Well, I find your self-righteousness misguided and tragic, fueled by ignorance and bigotry, lack of real education in sociology, psychology, political science, fiscal responsibility, and even lack of real morality. You don't even understand the idea that a democracy has an implied social contract which makes the State responsible for educating the most disenfranchised. Yours is the same mentality that brough us "Say No to Drugs". Say no to drugs did not work, did it? - "Say no to sex" doesn't work either, without additional education, support, and guidance. Planned parenthood has worked for many years and has prevented thousands of unwanted pregnancies as it provides education and counseling to poor women with nowhere else to go.

The idea that "because 'MY' parents taught me this and that, 'THEY' should have the same info and behave the same way 'I' do" is at best asinine. It is a classic example of distorted and illogical thinking which, because it is accompanied by a sense of moral superiority and a judgmental attitude, is also tragic and very dangerous. You will not make a good role model, nor a good citizen, nor a good Christian (if you claim to be one).
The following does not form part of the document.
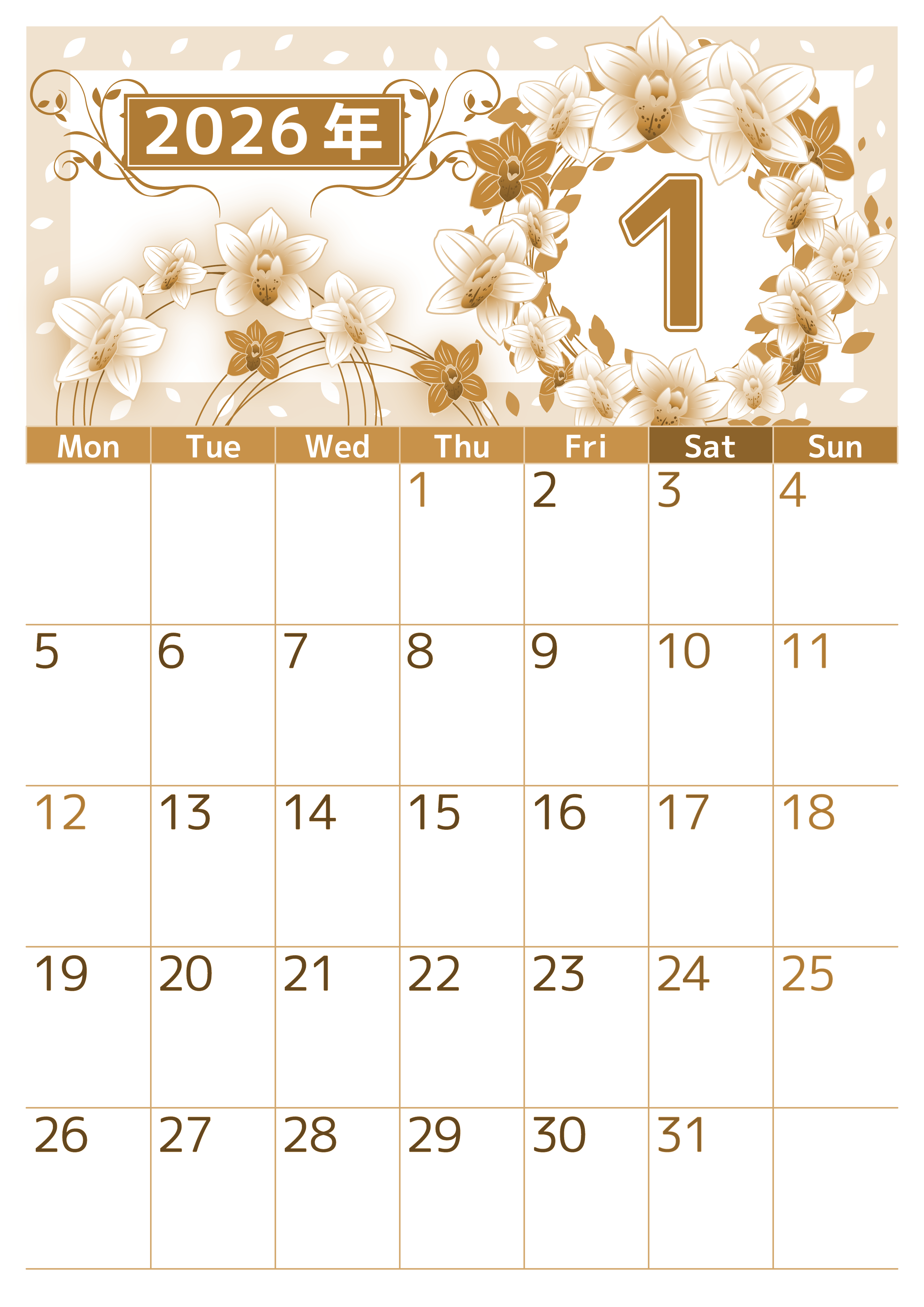 2026年・無料のカレンダーテンプレート 2026年1月縦型レトロな月曜始まり イラストのおしゃれA4無料セピア調カレンダー(2026-00760111) 素材状デザイン王 2025年4月2日 2026年1月縦型レトロな月曜始まりの無料テンプレートセピア調カレンダーです。元旦を迎えて忙しい時期のやることを整理するのに適切なおしゃれカレンダーとなっています。(2026-00760111) 1月 縦型のカレンダー 月曜始まり セピア カレンダーデザイン-0076

Your sanctimoniousness, sententiousness, and holier-than-thou attitude is a tragic display of a sense of smug moral superiority -- but it has no substance. More tragic is the fact that your ignorance does not allow you to understand the fallacy of your argument.

Of course sexual restraint is the best form of contraceptive! Your premise is correct. What is not correct is your conclusion that everybody "should" know this and "should" follow with appropriate behavior, and if they don't, they must receive no education, no help, and no empathy or sympathy from society. Yes, it would be nice if people, knowing that smoking is unhealthy, would not smoke; if knowing that drugs are deadly, would not do drugs; and knowing that unprotected sex causes pregnancies, would abstain. But the reality is: it does not work that way. People will err: it is not about "knowing" only. Human behavior is bio-psycho-socially-economically-generationally-spiritually based. It is complex, and not reducible to: "my father taught me this and that, why don't they behave like I do?"

I will continue below.

Unknown said...

Continues from above @10:51:

With your type of mentality, we should not pay for lung cancer education or treatment (they smoked!); nor for heart attacks resulting from obesity (they ate too much!). We should close Planned Parenthood, education classes, moral and health support to women! Way to go boy!

Unfortunately, you are not alone in your way of thinking. You represent the Texas morons who would vote for Trump, or a tea bagger, or Cruz.

When these pregnant women end up in prison, often for minor transgressions, unable to make bail, they will be subject to more abuse by morons like you or worse, by some moronic or sadistic guard or sheriff who will take great pleasure in "setting them straight" because they think just like you do and do not see the complexity of a social tragedy that has its roots, among other things, in generational poverty, a culture which we helped create (remember slavery?) and continue creating (starving wages, good-ol-boys networks, corruption, the media glorifying sex symbols, etc.), and yes, moral lassitude generated by psychosocial-economical-historical factors which have been analyzed, understood, and not addressed because people like you would rather fund the consequences (more poor kids, more drugs, more poverty, more crimes) than fund preventive measures (better education, better wages, more programs, less incarceration, a better bail system, no debtor prisons, etc. etc.)

Way to go! I don't find all this ridiculous/ I find it tragic!

George said...

@ Dallas,

Bravo!!! Certainly couldn't have said it better myself. Perhaps you were a tiny bit harsh with the commenter but you told it like it is, and totally without reserve. I don't know if we agree on every viewpoint but you gained my respect with this comment that's for sure.